Li-Shiuan Peh, the Singapore Research Professor of Electrical Engineering and Computer Science at MIT, said that in the future massively multicore chips will need to resemble little Internets.

Peh told the International Symposium on Computer Architecture that each core will need an associated router, and data travels between cores in packets of fixed size.

This week Peh’s group unveiled a 36-core chip that features just such a “network-on-chip” to make his point.

This chip fixes the cache coherence problems that have stuffed up previous attempts to design networks-on-chip. Until now ensuring that cores’ locally stored copies of globally accessible data remain up to date has been a problem.

Most chip cores are connected by a bus and when two cores need to communicate, they’re granted exclusive access to the bus.

But that approach won’t work as the core count mounts as cores spend all their time waiting for the bus and when one finally shows up several arrive at the same time.

Bhavya Daya, an MIT graduate student in electrical engineering and computer science, and first author on the new paper said that in a network-on-chip, each core is connected only to those immediately adjacent to it.

This means that it is possible to reach the neighbouring chip really quickly and have multiple paths to your destination. So if you’re going way across, rather than having one congested path, you could have multiple ones.
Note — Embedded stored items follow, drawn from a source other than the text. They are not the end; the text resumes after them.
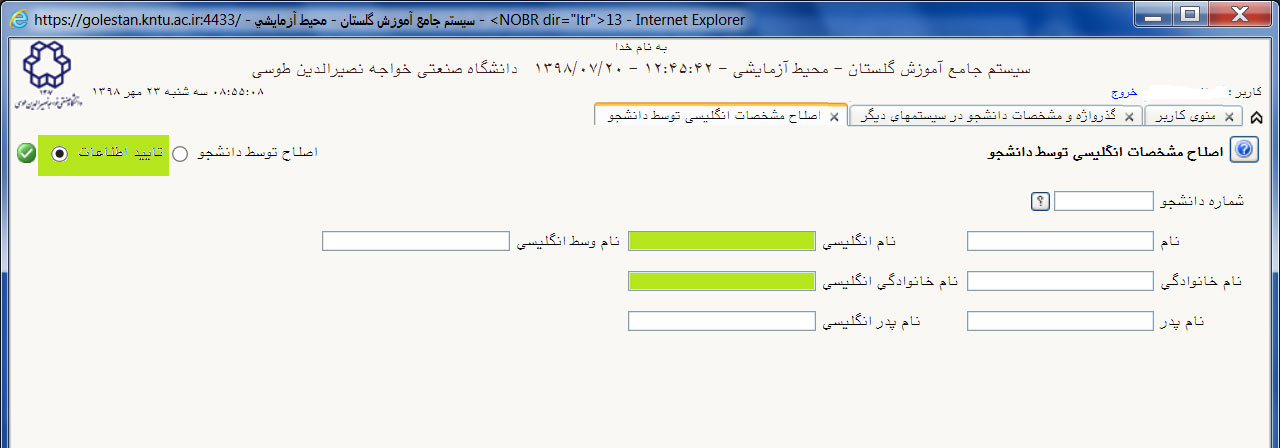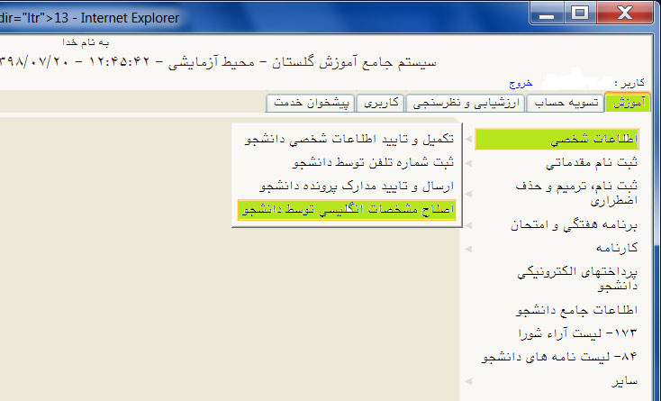 بررسی نام لاتین دانشجو - مركز فناوري اطلاعات
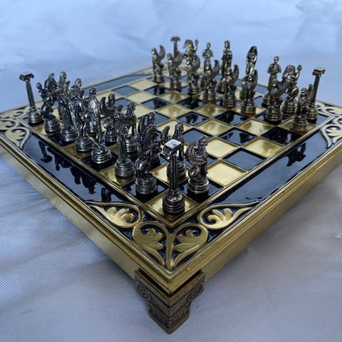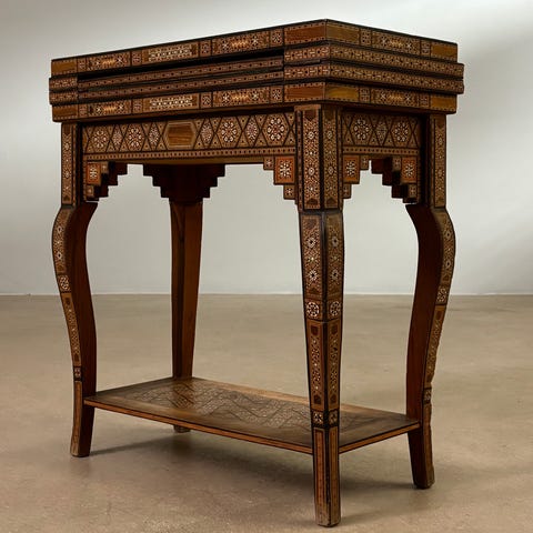 Dekorativt og funktionelt skakspil i oliventræ, håndlavet i Tunesien.
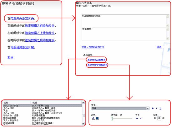 步骤二:进入后选择”电影开头添加片头”,然后输入片头文本这里有两个选项:”更改片头动画效果”和”更改文本字体和颜色”,可以选择自己喜欢的动画效果和字体,颜色.具体操作如图:
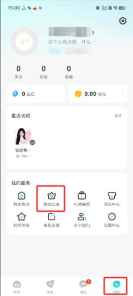 第二步:点击底部右下角的“我的”,然后在页面上找到“我的公会”选项。
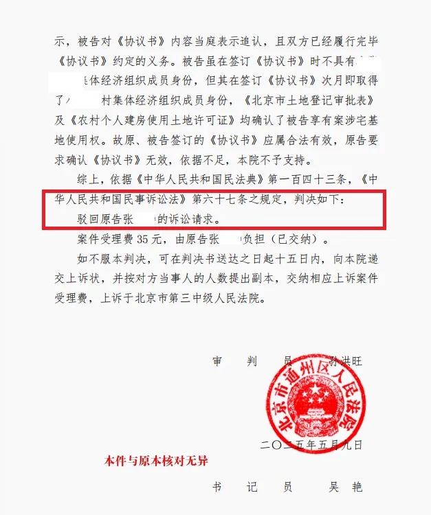 尊重历史,正视现实:判断合同效力,不能机械地只看签约瞬间,而要结合合同履行全过程。被告在签约后仅半个月就完成了户口迁移,并通过村委会和政府的层层审核,取得了宅基地使用权登记和翻建许可。这充分说明,其身份早已补正,且其权利得到了基层组织和政府的正式确认。
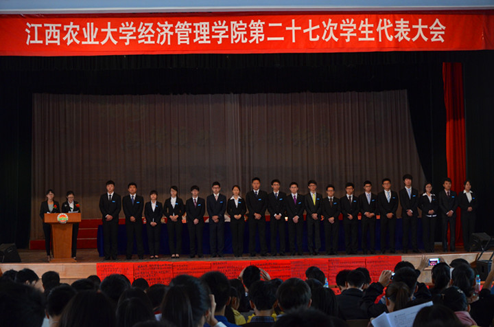 我院第二十七次学生代表大会在民主、团结、务实、创新的氛围中圆满落下帷幕。此次学代会的召开,不仅对我院学生工作的开展起到了极大的推动作用,使新一届学生会委员们明确了自己身上的责任与使命,更是我院落实党的群众路线教育实践活动的关键。学院党政领导始终强调,学生干部作为服务同学的集体,也要用群众路线路线要求自身,要学会自我批评,要让同学感受到切实的温暖。我院也始终要求学生干部队伍必须从同学中来到同学中去,必须代表广大同学的根本利益,也必须是能服务好同学的优秀干部。此次会议在民主公开的氛围中圆满召开,是我院师生民主生活的一件大事,更是我院在群众路线道路上迈下的坚实步伐。(经管学院)
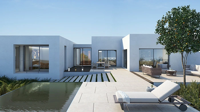 privacidad. Se ha estudiado la mejor orientación de cara a un mejor aprovechamiento de los recursos, y se ha respetado el concepto arquitectónico local -mediterráneo- dotándolo de un estilo más moderno y depurado.
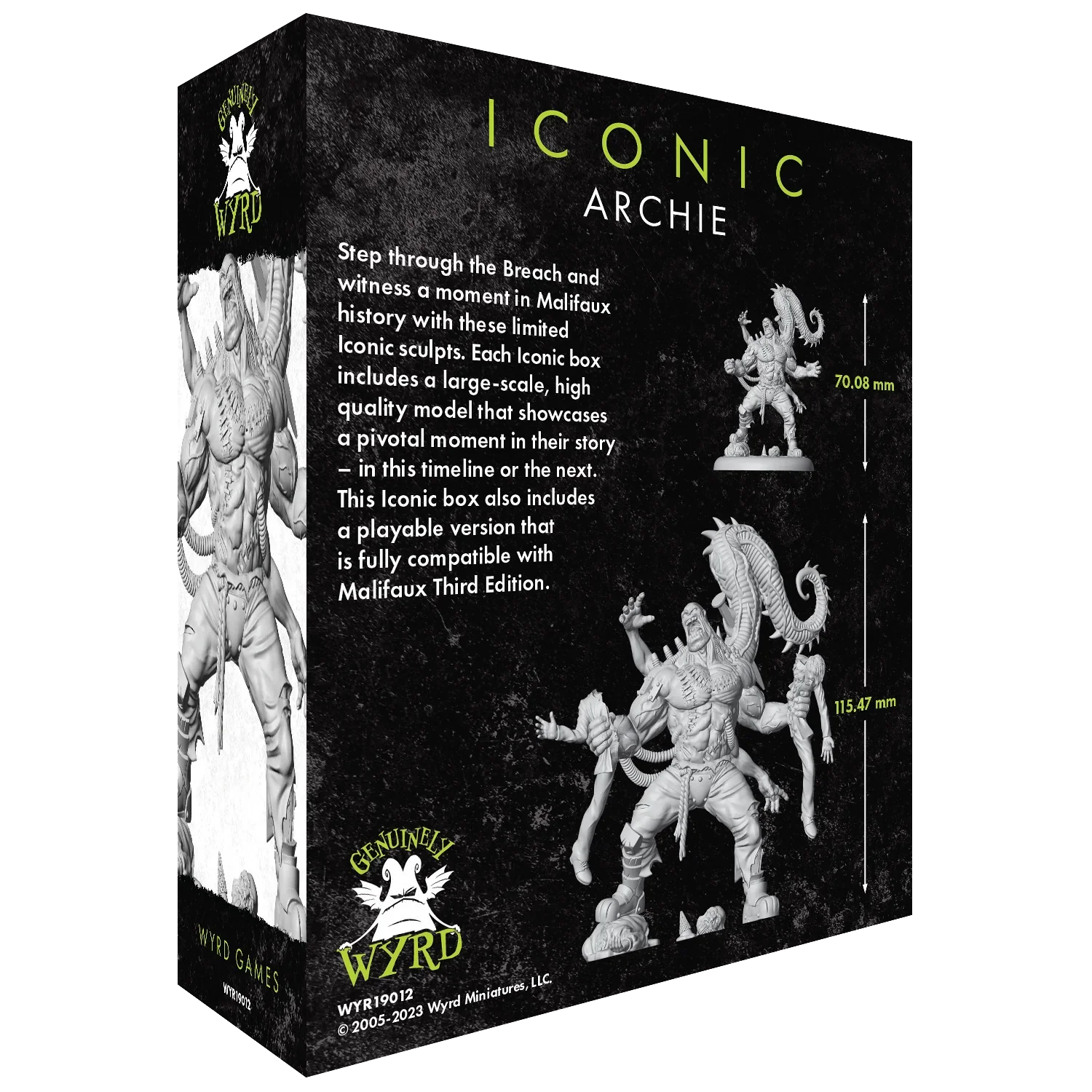 Included in this Iconic box is Archie, standing impressively at 115mm. This model will come unassembled in hard PVC so that the fine details will be kept without the complexity of building a large model. Additionally, a preassembled playable version of the sculpt will also be included so that you can field a smaller version of Archie in your next game of Malifaux.

But the bus system makes it easier to maintain cache coherence. Every core on a chip has its own cache, a local, high-speed memory bank in which it stores frequently used data. As it performs computations, it updates the data in its cache, and every so often, it undertakes the relatively time-consuming chore of shipping the data back to main memory.

To fix the problems of another core needing the data before it’s been shipped, chips use a protocol called “snoopy,” because it involves snooping on other cores’ communications.

But in a network-on-chip, data is flying everywhere, and packets will frequently arrive at different cores in different sequences. The implicit ordering that the snoopy protocol relies on breaks down.

Daya, Peh, and their colleagues solve this problem by equipping their chips with a second network.

Groups of declarations reach the routers associated with the cores at discrete intervals — intervals corresponding to the time it takes to pass from one end of the shadow network to another. Each router can thus tabulate exactly how many requests were issued during which interval, and by which other cores. The requests themselves may still take a while to arrive, but their recipients know that they’ve been issued.

After testing the prototype chips to ensure that they’re operational, Daya intends to load them with a version of the Linux operating system, modified to run on 36 cores, and evaluate the performance of real applications, to determine the accuracy of the group’s theoretical projections.

At that point, she plans to release the blueprints for the chip, written in the hardware description language Verilog, as open-source code.